The problem: Note on the material below: return exactly the lines from the line that holds "This set of" through the line that holds "- Barcelona jugará", and leave out each picture.

Data for analysis:
* * *

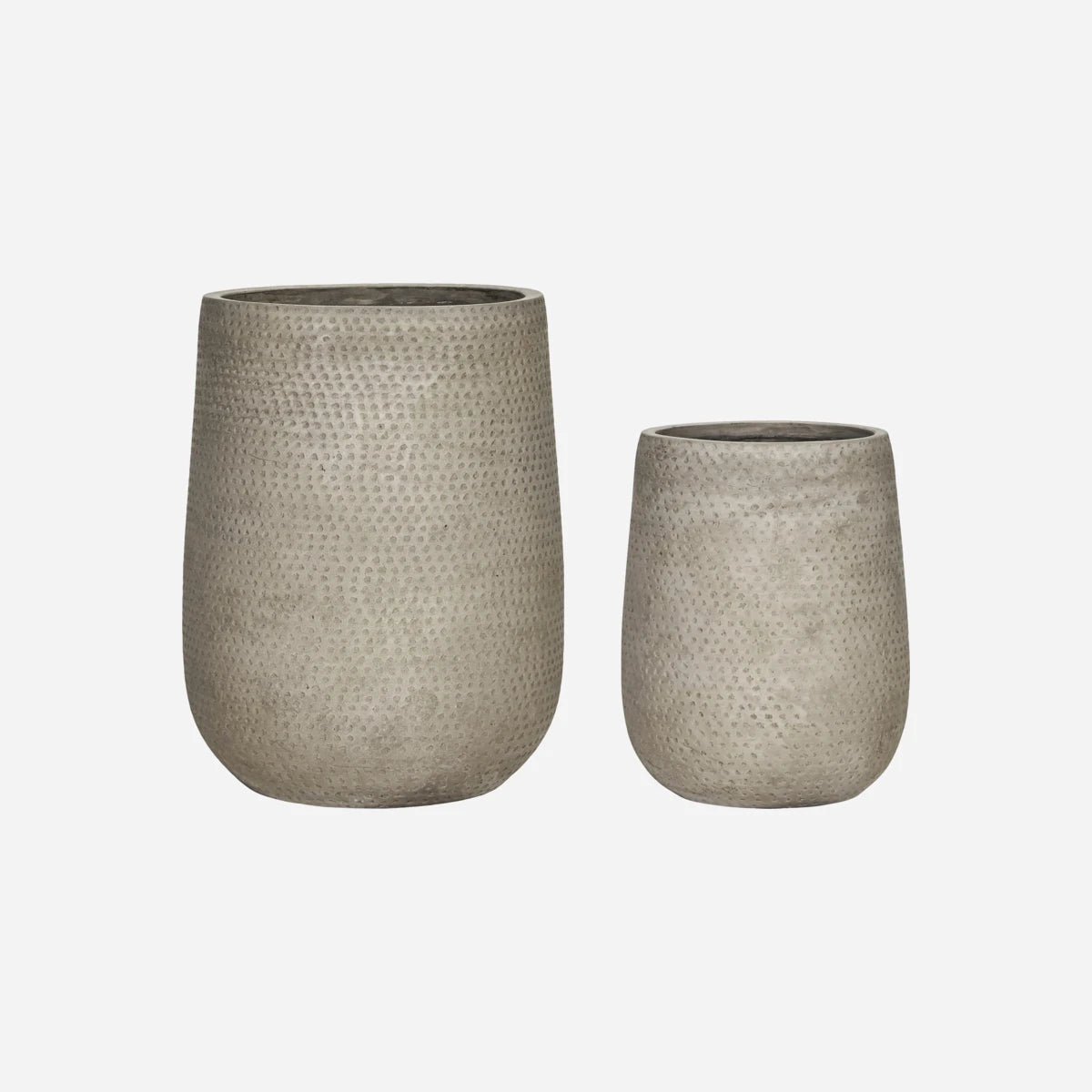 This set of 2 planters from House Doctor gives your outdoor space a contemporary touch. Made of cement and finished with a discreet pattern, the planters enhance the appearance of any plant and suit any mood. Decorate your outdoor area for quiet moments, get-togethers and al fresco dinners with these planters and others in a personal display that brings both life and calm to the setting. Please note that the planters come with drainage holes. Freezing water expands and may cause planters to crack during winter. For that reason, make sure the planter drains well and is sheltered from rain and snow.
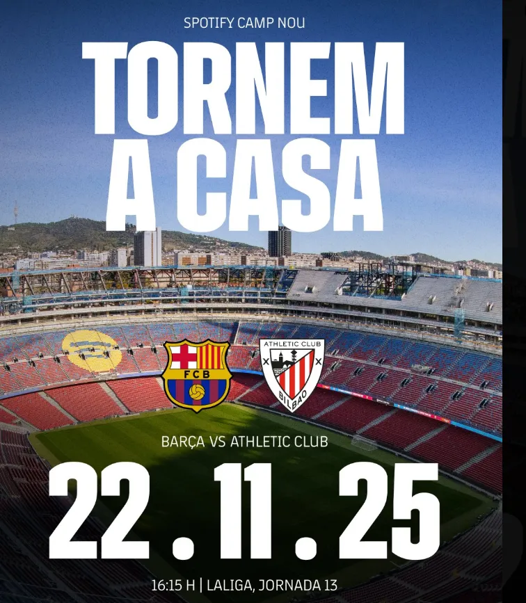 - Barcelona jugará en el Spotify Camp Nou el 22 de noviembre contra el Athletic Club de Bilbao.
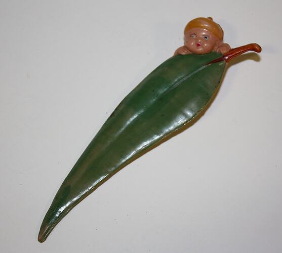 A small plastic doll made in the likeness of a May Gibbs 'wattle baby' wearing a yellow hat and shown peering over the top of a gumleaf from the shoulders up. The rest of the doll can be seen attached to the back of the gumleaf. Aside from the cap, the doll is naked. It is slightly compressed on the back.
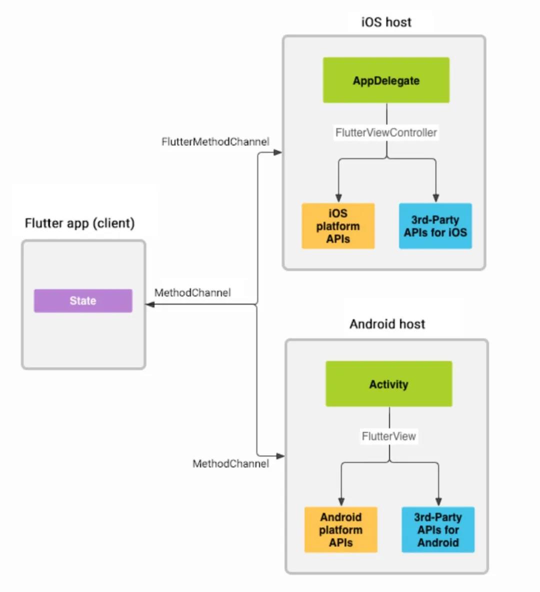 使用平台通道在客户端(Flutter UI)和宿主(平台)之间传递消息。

* * *

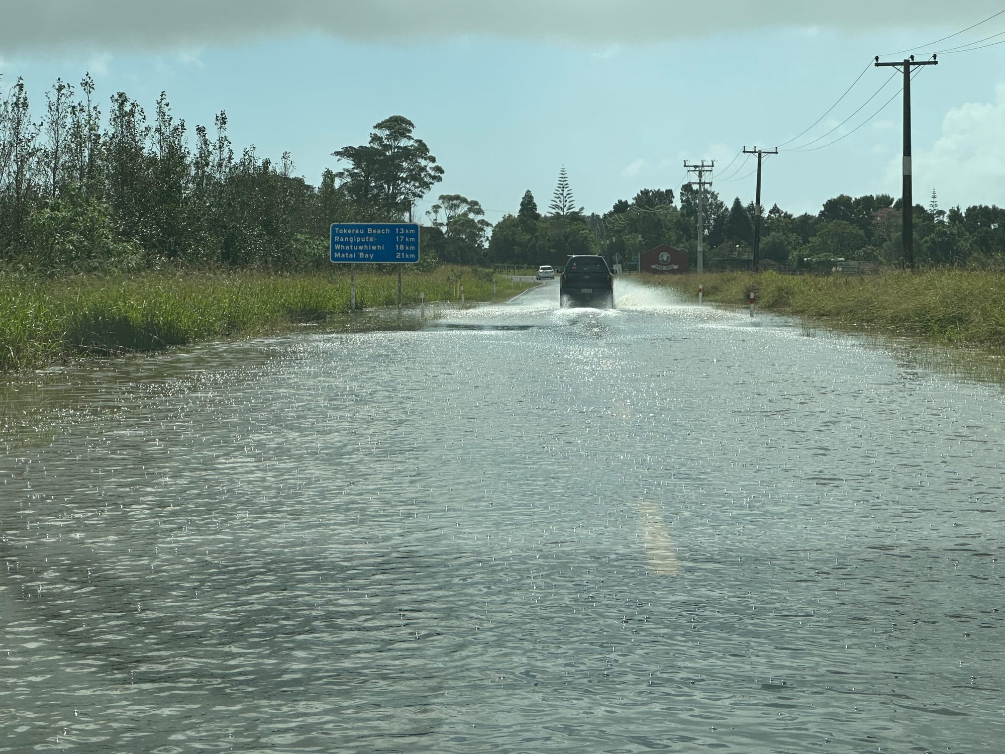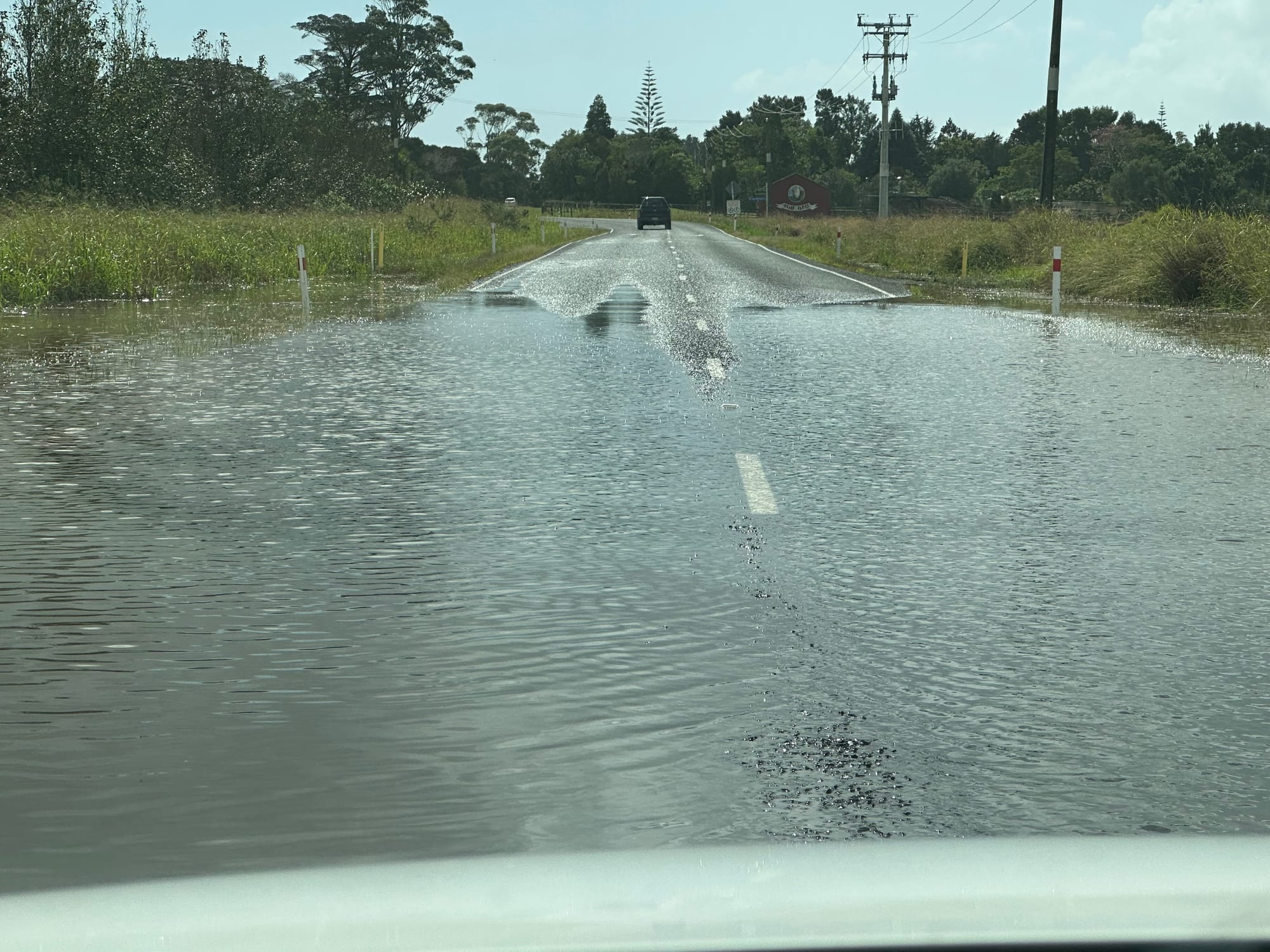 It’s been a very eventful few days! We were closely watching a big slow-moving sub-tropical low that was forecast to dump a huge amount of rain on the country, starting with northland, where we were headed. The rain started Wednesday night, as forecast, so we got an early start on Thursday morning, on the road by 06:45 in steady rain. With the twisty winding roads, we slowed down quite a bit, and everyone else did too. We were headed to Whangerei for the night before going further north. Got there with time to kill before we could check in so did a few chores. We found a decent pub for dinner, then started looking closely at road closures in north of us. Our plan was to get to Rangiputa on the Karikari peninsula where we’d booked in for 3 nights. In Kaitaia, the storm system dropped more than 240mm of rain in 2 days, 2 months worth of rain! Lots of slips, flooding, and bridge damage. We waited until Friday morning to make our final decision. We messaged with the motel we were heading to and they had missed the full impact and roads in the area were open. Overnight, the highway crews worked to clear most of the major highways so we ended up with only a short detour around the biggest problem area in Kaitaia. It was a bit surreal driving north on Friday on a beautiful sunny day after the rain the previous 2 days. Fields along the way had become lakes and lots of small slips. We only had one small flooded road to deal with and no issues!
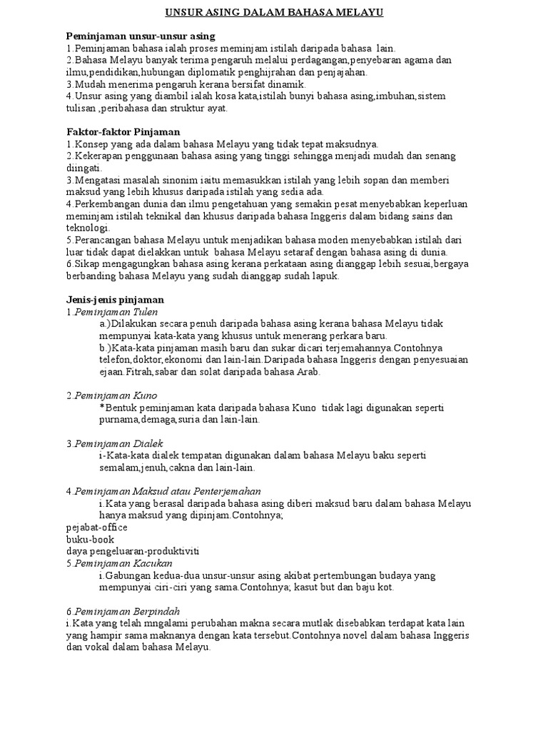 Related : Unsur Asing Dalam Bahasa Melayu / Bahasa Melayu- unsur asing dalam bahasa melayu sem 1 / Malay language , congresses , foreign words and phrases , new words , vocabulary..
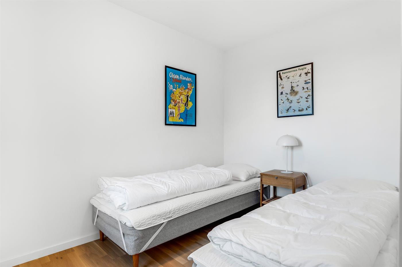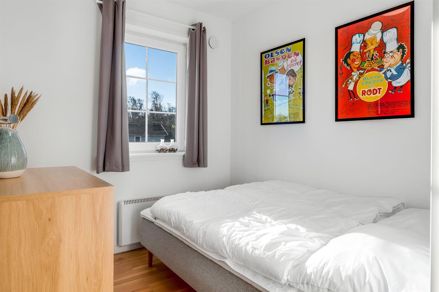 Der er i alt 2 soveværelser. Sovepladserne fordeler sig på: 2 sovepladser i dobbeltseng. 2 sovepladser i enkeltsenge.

* * *

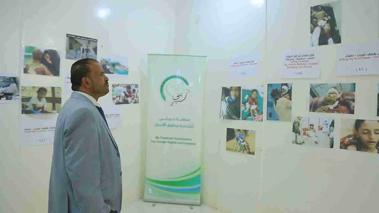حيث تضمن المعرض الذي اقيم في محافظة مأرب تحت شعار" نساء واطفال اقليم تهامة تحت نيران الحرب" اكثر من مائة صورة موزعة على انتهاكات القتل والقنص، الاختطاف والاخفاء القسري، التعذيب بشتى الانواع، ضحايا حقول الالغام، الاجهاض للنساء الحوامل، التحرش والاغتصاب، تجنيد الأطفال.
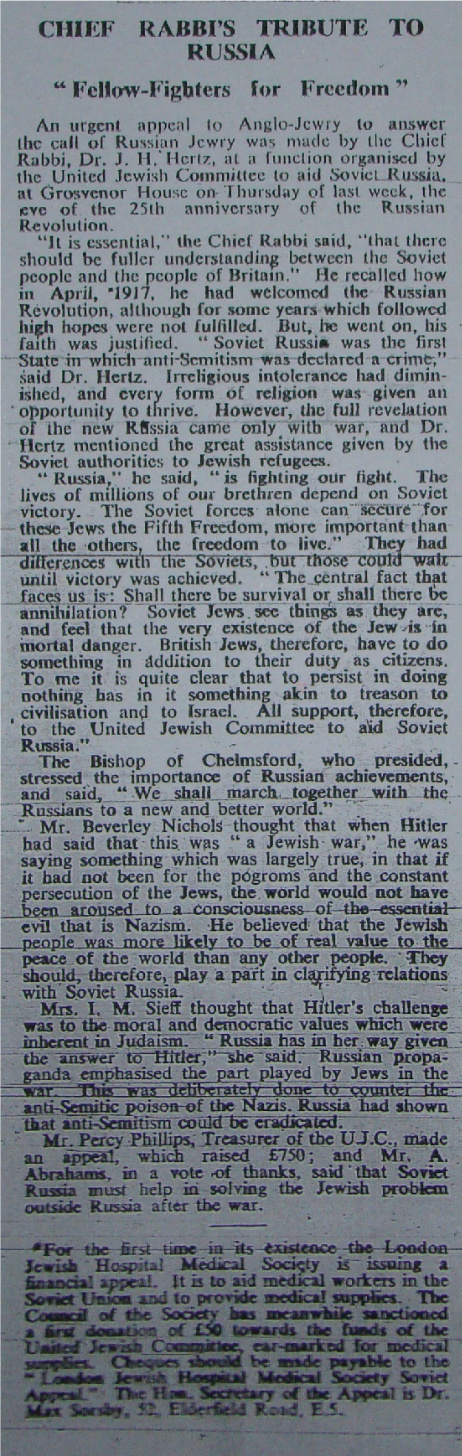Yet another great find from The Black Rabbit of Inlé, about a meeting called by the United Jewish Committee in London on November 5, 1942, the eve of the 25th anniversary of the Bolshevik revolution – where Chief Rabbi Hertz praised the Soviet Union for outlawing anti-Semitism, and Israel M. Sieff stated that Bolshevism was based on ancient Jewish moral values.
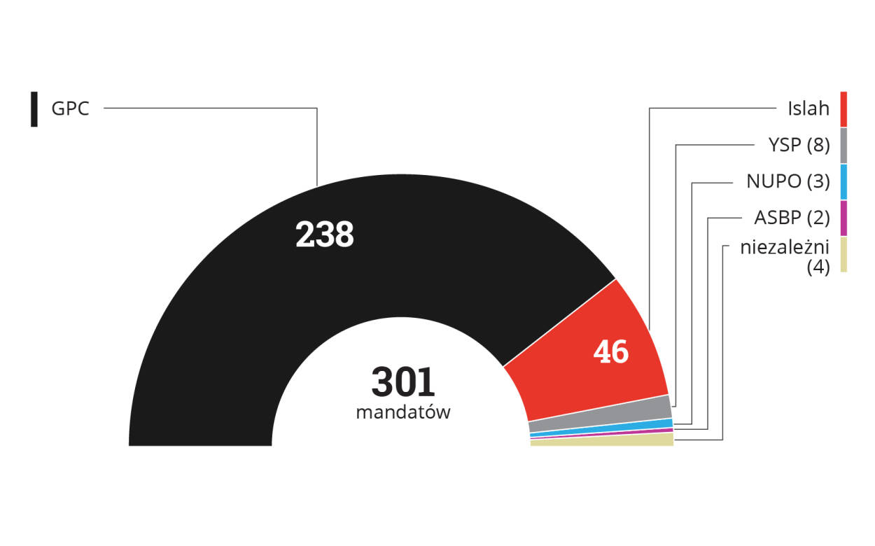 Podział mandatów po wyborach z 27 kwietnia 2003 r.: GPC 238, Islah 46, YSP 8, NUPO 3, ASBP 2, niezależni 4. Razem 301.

* * *

Answer:
 This set of 2 planters from House Doctor gives your outdoor space a contemporary touch. Made of cement and finished with a discreet pattern, the planters enhance the appearance of any plant and suit any mood. Decorate your outdoor area for quiet moments, get-togethers and al fresco dinners with these planters and others in a personal display that brings both life and calm to the setting. Please note that the planters come with drainage holes. Freezing water expands and may cause planters to crack during winter. For that reason, make sure the planter drains well and is sheltered from rain and snow.
 - Barcelona jugará en el Spotify Camp Nou el 22 de noviembre contra el Athletic Club de Bilbao.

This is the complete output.